**PROBLEM TO WORK ON**
Copy exactly and only the lines running from the one that contains "Light Green Sleeve" to the final line of the data below, without the pictures.
'''
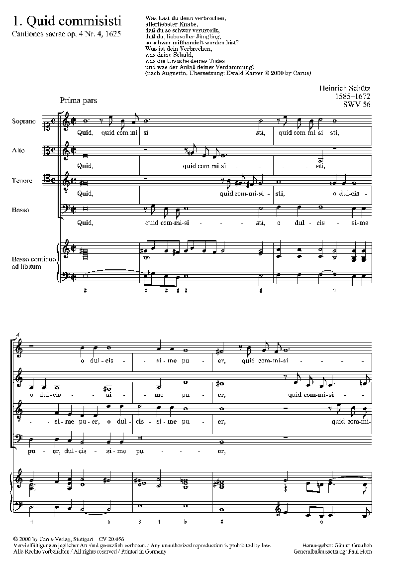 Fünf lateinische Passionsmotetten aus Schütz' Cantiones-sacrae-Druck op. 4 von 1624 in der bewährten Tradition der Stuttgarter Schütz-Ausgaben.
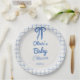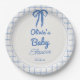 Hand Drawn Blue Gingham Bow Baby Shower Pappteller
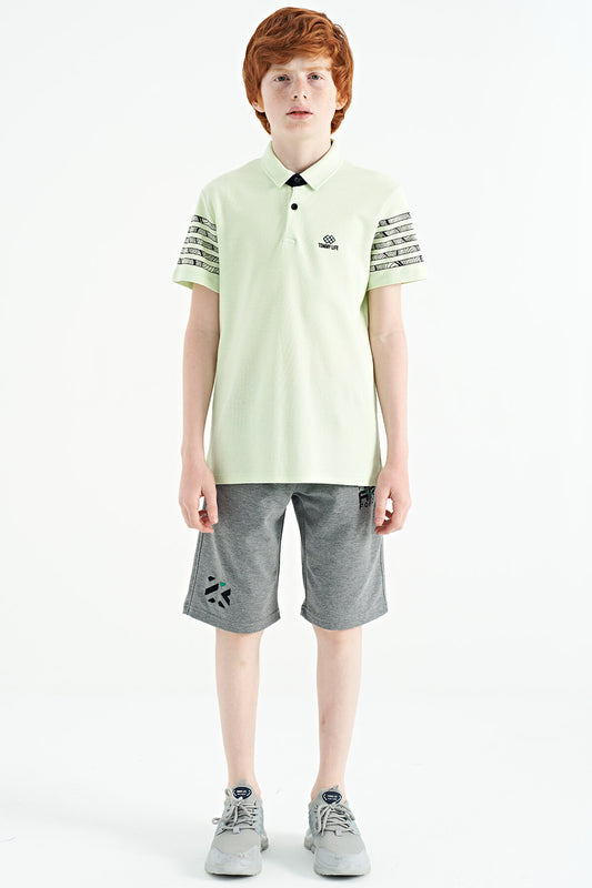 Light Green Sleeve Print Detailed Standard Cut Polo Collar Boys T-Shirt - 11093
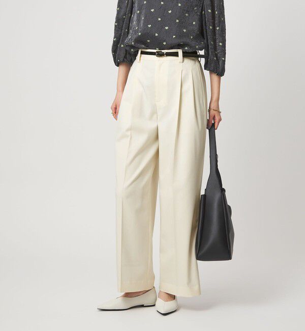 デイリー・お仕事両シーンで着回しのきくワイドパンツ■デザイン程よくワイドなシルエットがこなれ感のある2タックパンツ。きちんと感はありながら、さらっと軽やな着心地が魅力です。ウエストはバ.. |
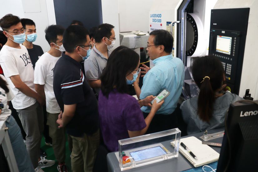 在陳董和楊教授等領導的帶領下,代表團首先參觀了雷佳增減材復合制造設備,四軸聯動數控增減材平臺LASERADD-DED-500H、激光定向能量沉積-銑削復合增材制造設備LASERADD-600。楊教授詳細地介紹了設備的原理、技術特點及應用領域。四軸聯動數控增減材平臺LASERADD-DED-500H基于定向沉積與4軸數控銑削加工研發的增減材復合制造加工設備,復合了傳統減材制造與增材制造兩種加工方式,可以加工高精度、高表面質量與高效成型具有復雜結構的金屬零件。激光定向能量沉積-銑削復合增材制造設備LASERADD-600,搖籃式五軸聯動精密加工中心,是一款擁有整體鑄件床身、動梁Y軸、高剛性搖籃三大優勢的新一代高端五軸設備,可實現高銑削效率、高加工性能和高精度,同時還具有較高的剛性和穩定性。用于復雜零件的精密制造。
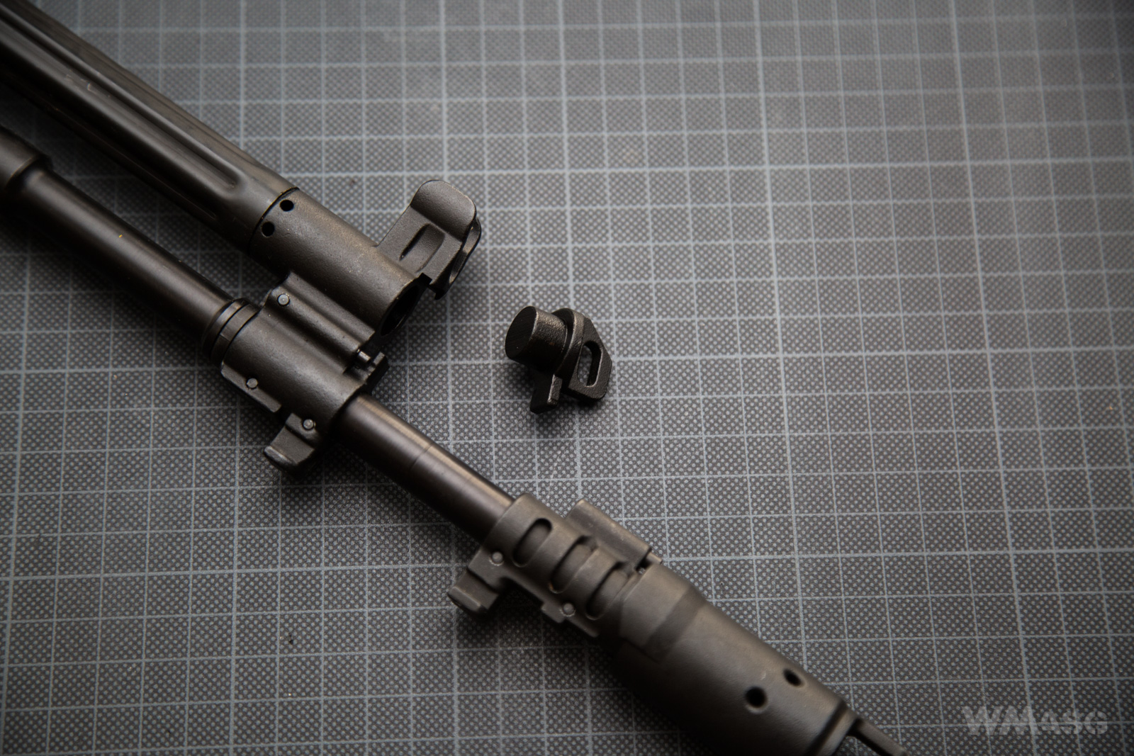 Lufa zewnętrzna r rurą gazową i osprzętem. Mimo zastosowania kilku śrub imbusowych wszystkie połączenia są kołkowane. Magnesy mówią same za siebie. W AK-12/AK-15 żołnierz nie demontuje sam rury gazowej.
'''
**TASK RESPONSE**
 Light Green Sleeve Print Detailed Standard Cut Polo Collar Boys T-Shirt - 11093
 デイリー・お仕事両シーンで着回しのきくワイドパンツ■デザイン程よくワイドなシルエットがこなれ感のある2タックパンツ。きちんと感はありながら、さらっと軽やな着心地が魅力です。ウエストはバ.. |
 在陳董和楊教授等領導的帶領下,代表團首先參觀了雷佳增減材復合制造設備,四軸聯動數控增減材平臺LASERADD-DED-500H、激光定向能量沉積-銑削復合增材制造設備LASERADD-600。楊教授詳細地介紹了設備的原理、技術特點及應用領域。四軸聯動數控增減材平臺LASERADD-DED-500H基于定向沉積與4軸數控銑削加工研發的增減材復合制造加工設備,復合了傳統減材制造與增材制造兩種加工方式,可以加工高精度、高表面質量與高效成型具有復雜結構的金屬零件。激光定向能量沉積-銑削復合增材制造設備LASERADD-600,搖籃式五軸聯動精密加工中心,是一款擁有整體鑄件床身、動梁Y軸、高剛性搖籃三大優勢的新一代高端五軸設備,可實現高銑削效率、高加工性能和高精度,同時還具有較高的剛性和穩定性。用于復雜零件的精密制造。
 Lufa zewnętrzna r rurą gazową i osprzętem. Mimo zastosowania kilku śrub imbusowych wszystkie połączenia są kołkowane. Magnesy mówią same za siebie. W AK-12/AK-15 żołnierz nie demontuje sam rury gazowej.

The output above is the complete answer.